# `Funx.Ord` Usage Rules
## Core Concepts
**Protocol + Custom Ord Pattern**: Use both together for maximum flexibility
- **Protocol implementation** = domain's default ordering (whatever makes business sense)
- **Custom Ord injection** = context-specific ordering when needed
- **Key insight**: Protocol provides sensible defaults, custom Ord provides flexibility
**Contramap**: Contravariant functor - transforms inputs before comparison
- `contramap(&String.length/1, Ord)` compares by string length only
- Mathematical dual of `map` - transforms "backwards" through the data flow
- Key pattern: transform the input, not the comparison result
**Utils Pattern**: Inject custom Ord logic or default to protocol
- `Ord.Utils.compare(a, b, custom_ord)` - uses custom_ord
- `Ord.Utils.compare(a, b)` - uses protocol dispatch
**Monoid Composition**: Combine ordering logic lexicographically
- `append(ord1, ord2)` - combine two (ord1 then ord2)

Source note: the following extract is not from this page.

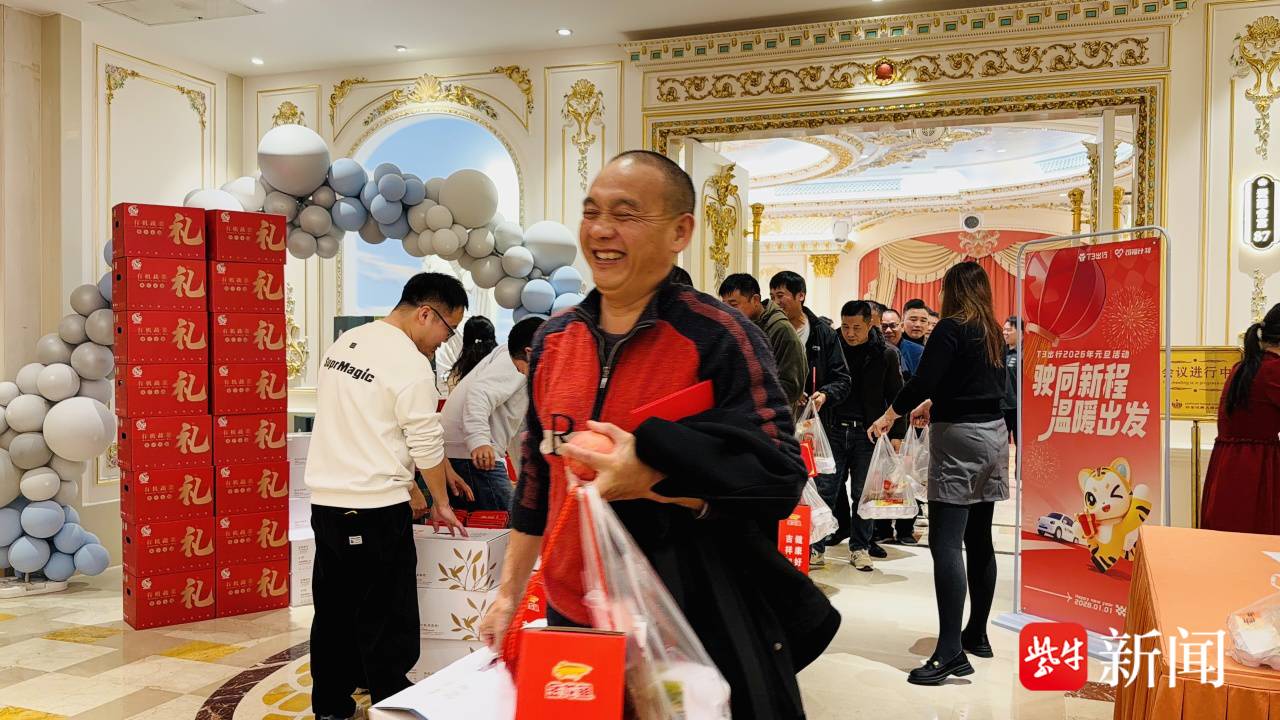 除了安全赋能,活动现场的烟火气,更让师傅们感受到了家的温暖。一场场活动下来,最实在的莫过于手里拎着的沉甸甸的礼包——有机蔬菜、新鲜鸡蛋、当季水果、牛奶米面、食用油等等,让师傅们把“新年味”直接装上车、带回家。

- `concat([ord1, ord2, ord3])` - combine list (in sequence)
## Quick Patterns
```elixir
# STEP 1: Implement protocol for domain's default ordering
defimpl Funx.Ord, for: User do
def lt?(%User{joined_at: a}, %User{joined_at: b}), do: Funx.Ord.lt?(a, b)
def le?(a, b), do: lt?(a, b) or eq?(a, b)
def gt?(a, b), do: not le?(a, b)
def ge?(a, b), do: not lt?(a, b)
end
# STEP 2: Use protocol directly for default ordering
Ord.lt?(user1, user2) # Uses protocol (by joined_at)
List.sort(users) # Uses protocol default
# STEP 3: Inject custom Ord for specific contexts
by_age = Ord.Utils.contramap(& &1.age)
Ord.Utils.compare(user1, user2, by_age) # Compare by age instead
List.sort(users, by_age) # Sort by age, not joined_at
# Combine fields lexicographically
age_then_name = Ord.Utils.concat([
Ord.Utils.contramap(& &1.age),
Ord.Utils.contramap(& &1.name)
])
# Use with Funx.List
Funx.List.sort(users, by_age)
Funx.List.strict_sort(users, age_then_name) # removes duplicates
```
## Key Rules
- **IMPLEMENT PROTOCOL** for domain's default ordering (whatever makes business sense)
- **USE CUSTOM ORD** when you need different ordering for specific operations
- **MUST implement all four** `lt?/2`, `le?/2`, `gt?/2`, `ge?/2` (no optional defaults)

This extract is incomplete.